Basically because for NAS media storage RAID 10 is a major waste of money.  You won't realize any of the speed of 0, and a 50% overhead loss when you're talking about $1300 worth of drives is kind of insane.


----------



## repman244 (Feb 12, 2018)

taz420nj said:


> Basically because for NAS media storage RAID 10 is a major waste of money.  You won't realize any of the speed of 0, and a 50% overhead loss when you're talking about $1300 worth of drives is kind of insane.

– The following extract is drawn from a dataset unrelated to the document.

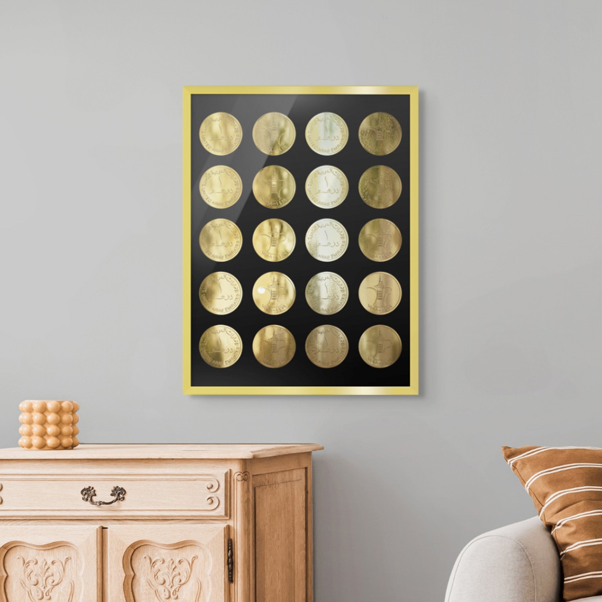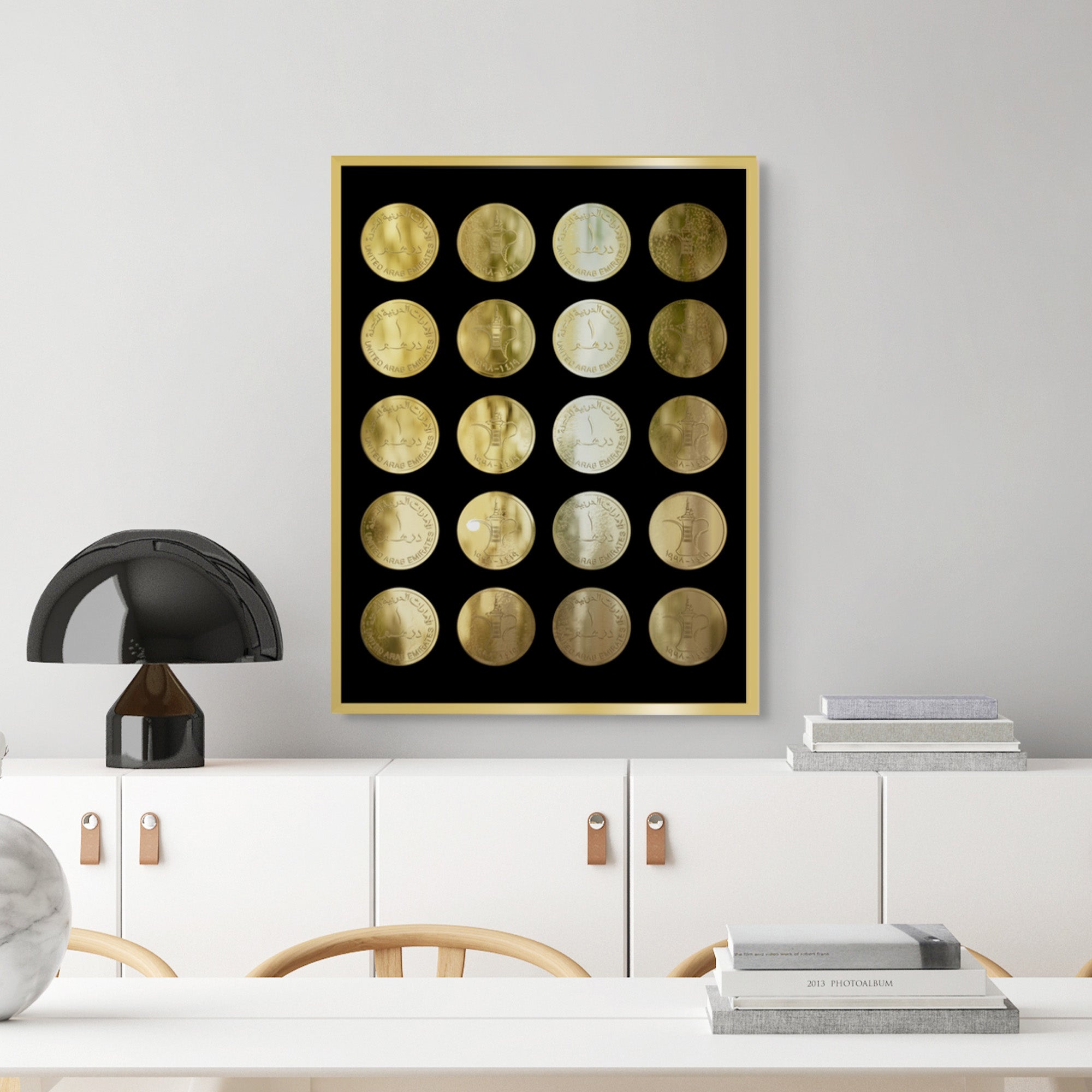 This golden-toned artwork reimagines the UAE’s one-dirham coin—Dirham Dhahabi, meaning “Golden Dirham.” Featuring the iconic Dallah and Arabic script, it blends cultural pride with elegance, ideal for heritage-inspired interiors and refined statement spaces.

It is insane but it's a much safer option than 5. Rebuild times can be huge with the desired capacity, and read errors during rebuild comes into play.
If the OP is fine with lower security but higher storage space then RAID 5 it is.


----------



## Disparia (Feb 12, 2018)

Just an FYI, I'm at 5TB of 16TB total capacity and 2.26TB of that is 1,200 movies. Granted, many are DVD rips recoded with H.264, but there's a good deal of BD too, also at H.264.

Perhaps look at the *4*-bay models? There are so many more to chose from. Spend less on it and only 4 drives, still have a respectable 24TB. Many support an expansion unit that'll attach to the main unit if you're on pace to fill that in the future.


----------



## arroyo (Feb 12, 2018)

I have "kind a cheap" 5 bay NAS:
4 bay Asustor AS6204T + one HDD connected thru esata in Scythe Quiet Drive glued on top of NAS.


----------



## taz420nj (Feb 12, 2018)

repman244 said:


> It is insane *but it's a much safer option than 5*. Rebuild times can be huge with the desired capacity, and read errors during rebuild comes into play.
> If the OP is fine with lower security but higher storage space then RAID 5 it is.

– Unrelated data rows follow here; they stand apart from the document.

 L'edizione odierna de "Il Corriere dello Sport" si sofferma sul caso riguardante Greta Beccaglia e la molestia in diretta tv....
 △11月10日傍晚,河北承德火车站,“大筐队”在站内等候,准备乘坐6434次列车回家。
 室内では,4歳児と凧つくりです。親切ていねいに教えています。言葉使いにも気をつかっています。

Except it's really not.  RAID 10 can only tolerate one mirror failure on either side of the stripe. If both mirrors on the same side fail, the array is toast anyway. RAID6 is "much safer" than both 5 and 10, and still only has a 40% overhead in a 5-drive array.  Make it a 6 drive array and the overhead loss drops to 33%. As far as rebuilds go, this is where it is better to build your own NAS with a good dedicated RAID card versus using a weak SoC based prefab, because the custom box will always rebuild faster.  Also the choice of drives comes into play..    I went with HGST Ultrastars in my arrays because (aside from years of experience on their longevity) they are enterprise rated for 10^15 BER (one URE per 125TB read). The likelihood of having a failed drive plus two UREs at the same time are incredibly remote (but admittedly not zero).  WD Reds are still consumer drives with 10^14 BER (one URE per 12.5TB read) but remember that is an average not a promise.  RAID6 is still preferable to 10 with them because again the chance of having a failed drive plus two UREs is slim enough to justify the capacity gain re: less overhead.


----------



## repman244 (Feb 13, 2018)

taz420nj said:


> Except it's really not.  RAID 10 can only tolerate one mirror failure on either side of the stripe. If both mirrors on the same side fail, the array is toast anyway. RAID6 is "much safer" than both 5 and 10, and still only has a 40% overhead in a 5-drive array.  Make it a 6 drive array and the overhead loss drops to 33%. As far as rebuilds go, this is where it is better to build your own NAS with a good dedicated RAID card versus using a weak SoC based prefab, because the custom box will always rebuild faster.  Also the choice of drives comes into play..    I went with HGST Ultrastars in my arrays because (aside from years of experience on their longevity) they are enterprise rated for 10^15 BER (one URE per 125TB read). The likelihood of having a failed drive plus two UREs at the same time are incredibly remote (but admittedly not zero).  WD Reds are still consumer drives with 10^14 BER (one URE per 12.5TB read) but remember that is an average not a promise.  RAID6 is still preferable to 10 with them because again the chance of having a failed drive plus two UREs is slim enough to justify the capacity gain re: less overhead.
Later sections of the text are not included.